- _What this task involves_
Repeat every entry word for word; omit all pictures.

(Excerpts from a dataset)
= Beginning of Section =
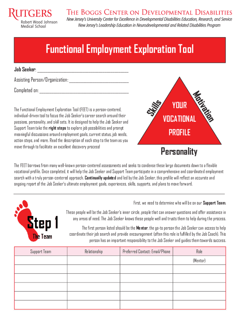 Functional Employment Exploration Tool Job Seeker: ___ Assisting Person/Organization: ___ Completed on: ___ The Functional Employment Exploration Tool (FEET) is a person centered, individual driven
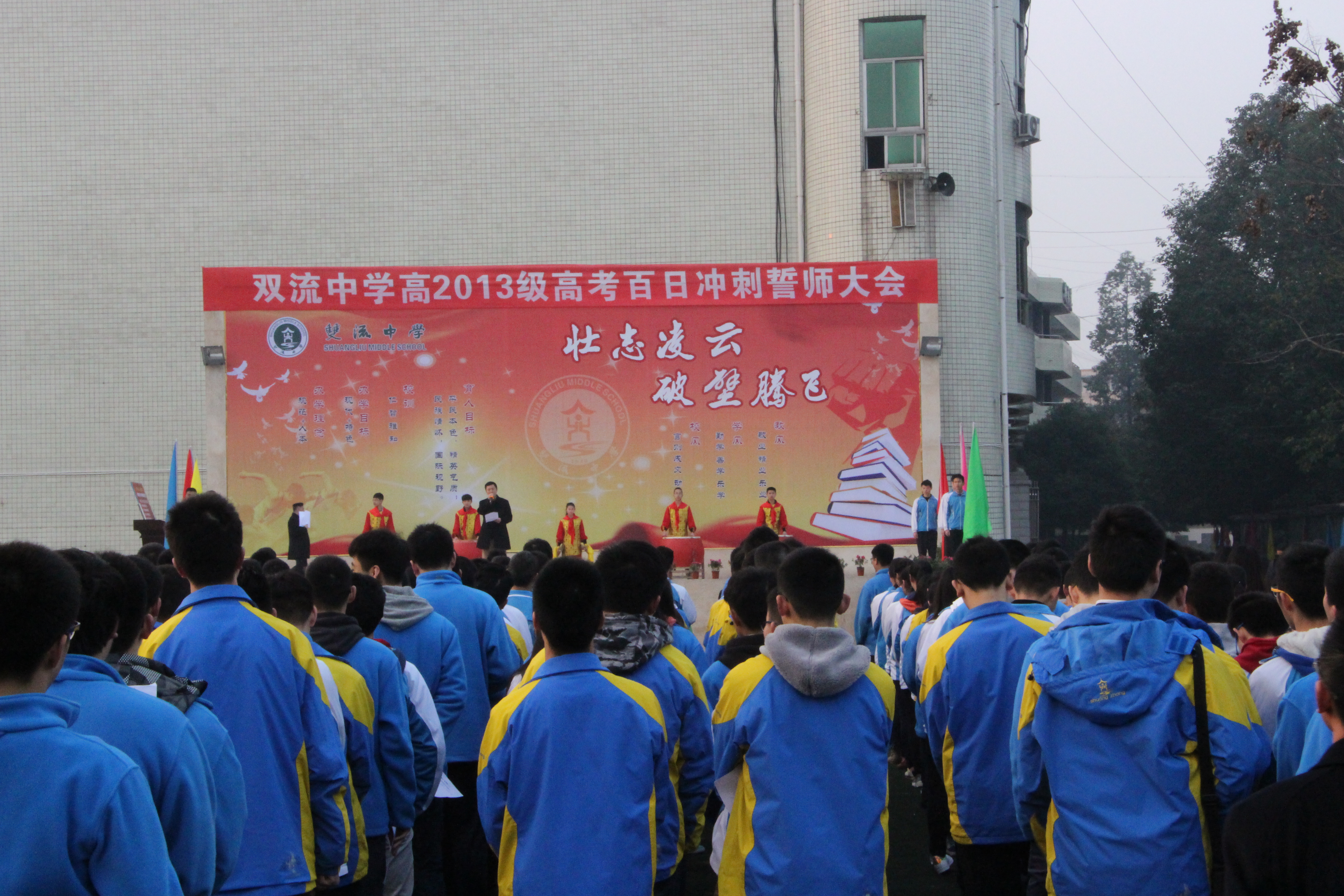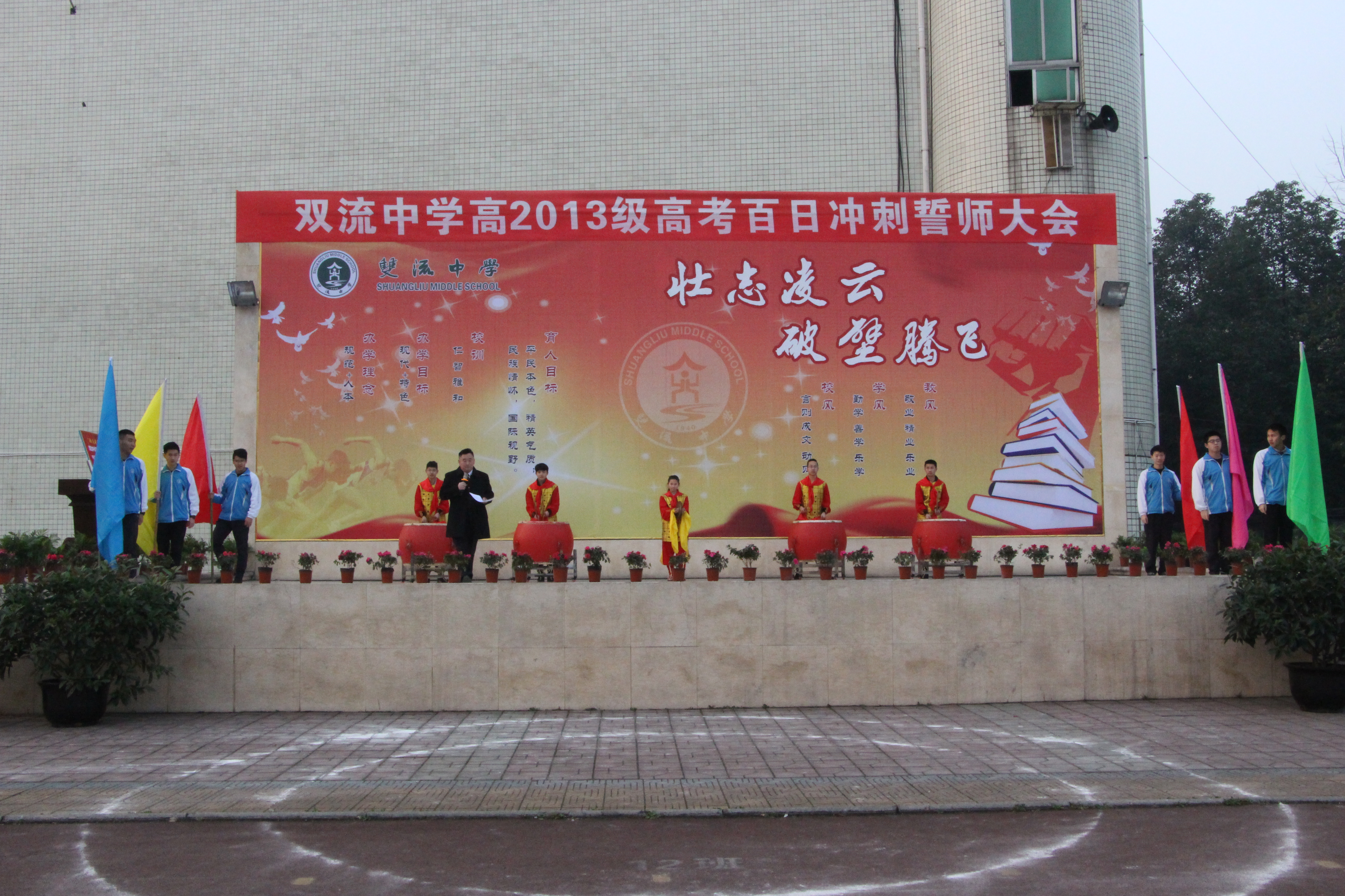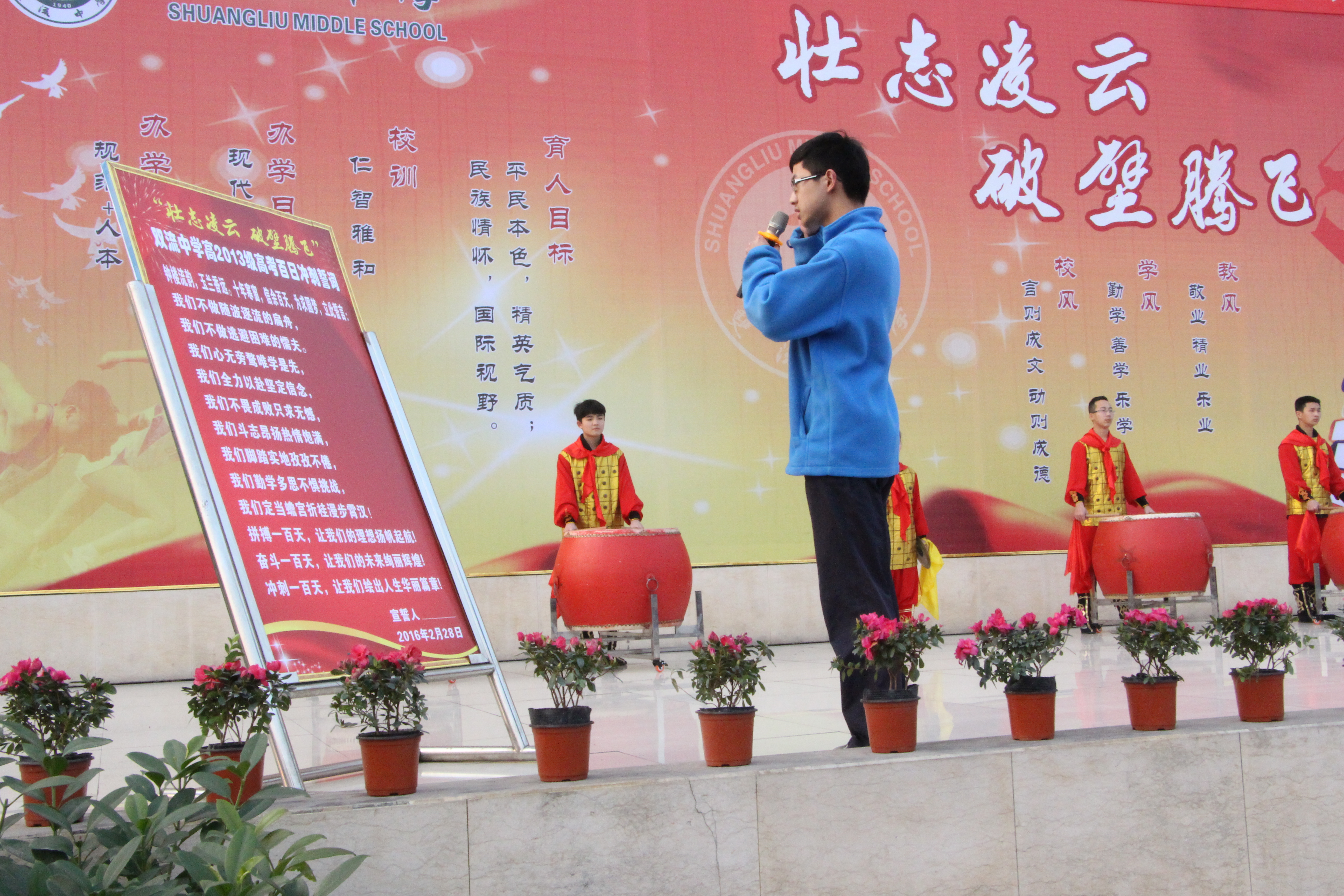 鼓聲陣陣,催人奮進;旌旗招展,勇往直前。2016年2月28日晨,旭日東升,在隆隆的鑼鼓聲中,在莊嚴的國歌聲中,雙流中學運動場上的五星紅旗冉冉升起。雙流中學全體行政領導及高三師生齊聚于此,舉行了盛大隆重的“壯志凌云,破壁騰飛”高考百日沖刺誓師大會。
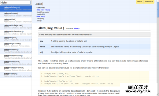 JQAPI是jQuery官方API外的选择。如果你是一个客户端javascript开发者,那么你肯定会在项目中使用到jQuery。无论你是用一次或者天天使用,你肯定都希望能使用最近的jQuery开发特性。每一个新版本的jQuery通过这中高效,有创意的方式快速浏览和查询来知道都提高了那些安全性和性能。UI使用非常友好,而且还提供了离线版本
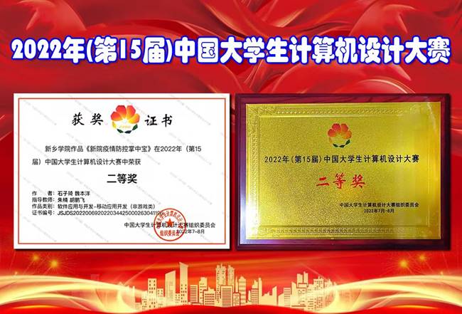 2022年(第15届)中国大学生计算机设计大赛国赛于7-8月间按照不同类别在山东大学、东北大学、厦门大学、东南大学等高校举行,我校选送的移动应用开发作品《新院疫情防控掌中宝》在国赛6600多件作品中通过激烈角逐取得了国赛二等奖的优异成绩。
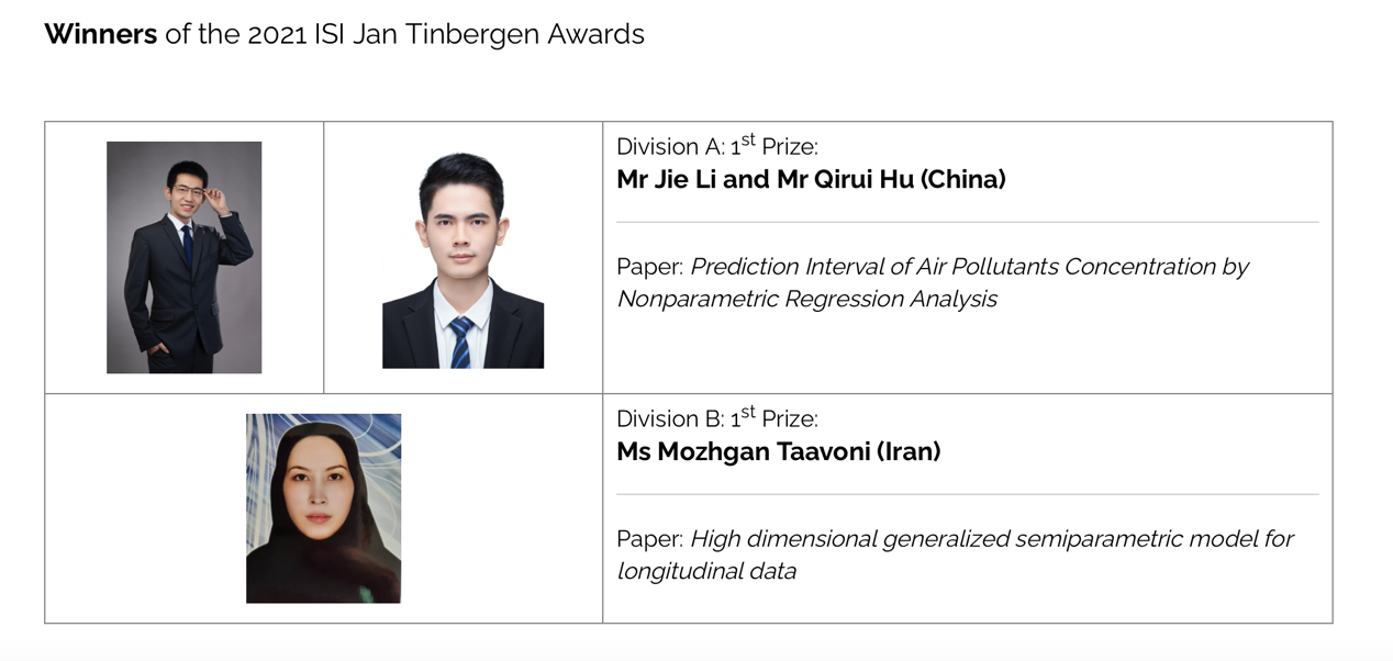 AG(中国)AG·官方网页版网9月13日电 近日,统计学研究中心2017级博士研究生李杰、2020级博士研究生胡祺睿斩获国际统计学会(International Statistical Institute, ISI)颁发的国际统计学会2021年度简·丁伯根奖一等奖(2021 ISI Jan Tinbergen Award Division A First Prize)。
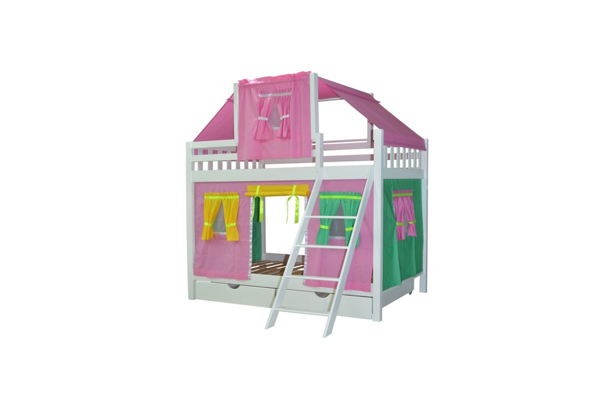 Мебель непременно понравится вашим деткам, ведь теперь у них появится замечательная возможность обустроить свои собственные уютные уголки и воплощать фантазии в реальность. Текстильный декор превращает обычную двухъярусную конструкцию в настоящий игровой домик из сказки.
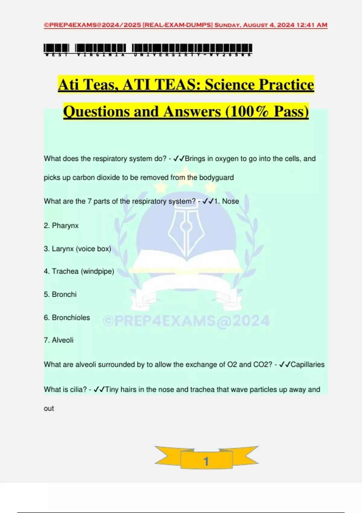 Ati Teas, ATI TEAS: Science Practice Questions and Answers (100% Pass)
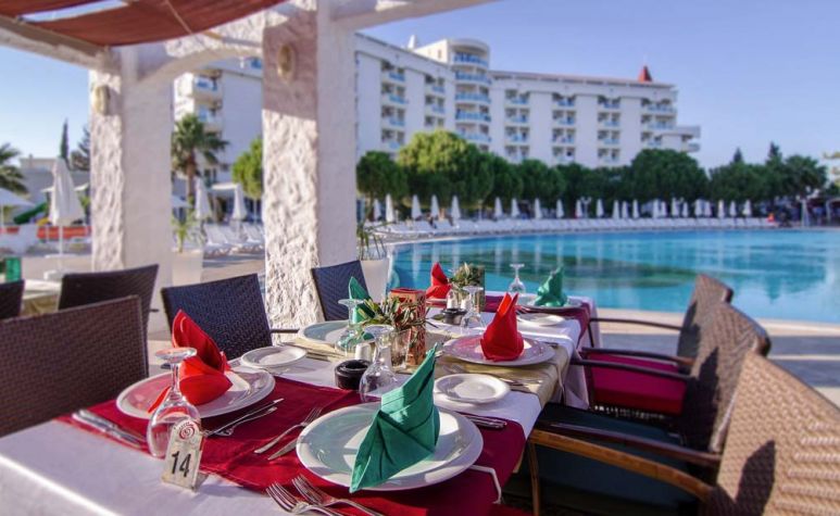 All inclusive – закуска, обяд и вечеря, междинни хранения, местни алкохолни и безалкохолни напитки - без лимит (съгласно концепцията на хотела).
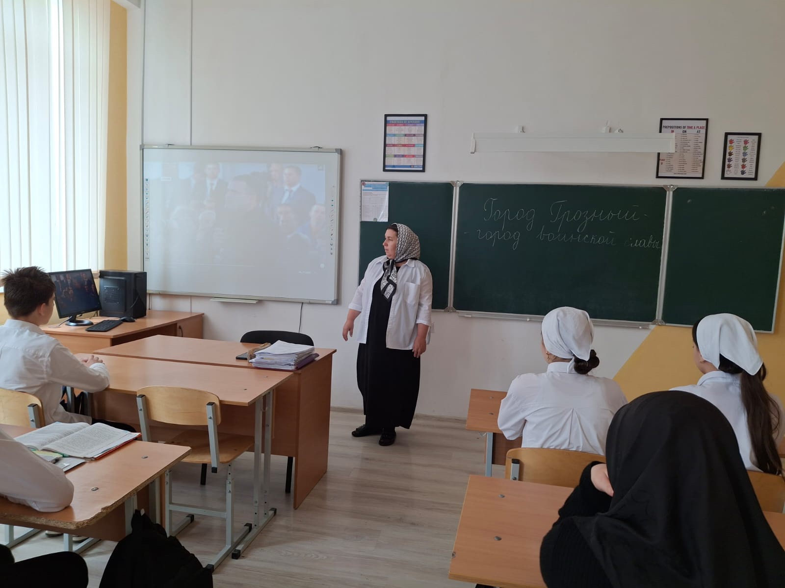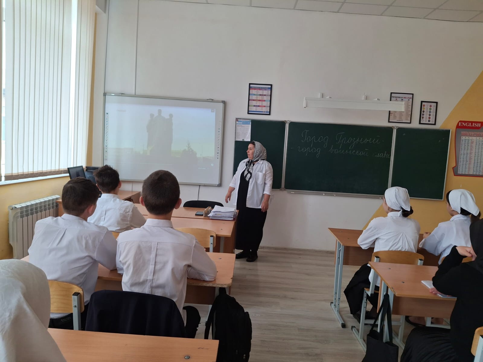О7.05.2025 г.К 80- летио Победе в Великой Отечественной обучающиеся 7 классов МБОУ ,,СОШ ст.Ильиновская,, посмотрели кинолекторий на тему: ,,Город Грозный - город воинской славы,,
= End of Section =
- _Output below_
 Functional Employment Exploration Tool Job Seeker: ___ Assisting Person/Organization: ___ Completed on: ___ The Functional Employment Exploration Tool (FEET) is a person centered, individual driven
 鼓聲陣陣,催人奮進;旌旗招展,勇往直前。2016年2月28日晨,旭日東升,在隆隆的鑼鼓聲中,在莊嚴的國歌聲中,雙流中學運動場上的五星紅旗冉冉升起。雙流中學全體行政領導及高三師生齊聚于此,舉行了盛大隆重的“壯志凌云,破壁騰飛”高考百日沖刺誓師大會。
 JQAPI是jQuery官方API外的选择。如果你是一个客户端javascript开发者,那么你肯定会在项目中使用到jQuery。无论你是用一次或者天天使用,你肯定都希望能使用最近的jQuery开发特性。每一个新版本的jQuery通过这中高效,有创意的方式快速浏览和查询来知道都提高了那些安全性和性能。UI使用非常友好,而且还提供了离线版本
 2022年(第15届)中国大学生计算机设计大赛国赛于7-8月间按照不同类别在山东大学、东北大学、厦门大学、东南大学等高校举行,我校选送的移动应用开发作品《新院疫情防控掌中宝》在国赛6600多件作品中通过激烈角逐取得了国赛二等奖的优异成绩。
 AG(中国)AG·官方网页版网9月13日电 近日,统计学研究中心2017级博士研究生李杰、2020级博士研究生胡祺睿斩获国际统计学会(International Statistical Institute, ISI)颁发的国际统计学会2021年度简·丁伯根奖一等奖(2021 ISI Jan Tinbergen Award Division A First Prize)。
 Мебель непременно понравится вашим деткам, ведь теперь у них появится замечательная возможность обустроить свои собственные уютные уголки и воплощать фантазии в реальность. Текстильный декор превращает обычную двухъярусную конструкцию в настоящий игровой домик из сказки.
 Ati Teas, ATI TEAS: Science Practice Questions and Answers (100% Pass)
 All inclusive – закуска, обяд и вечеря, междинни хранения, местни алкохолни и безалкохолни напитки - без лимит (съгласно концепцията на хотела).
О7.05.2025 г.К 80- летио Победе в Великой Отечественной обучающиеся 7 классов МБОУ ,,СОШ ст.Ильиновская,, посмотрели кинолекторий на тему: ,,Город Грозный - город воинской славы,,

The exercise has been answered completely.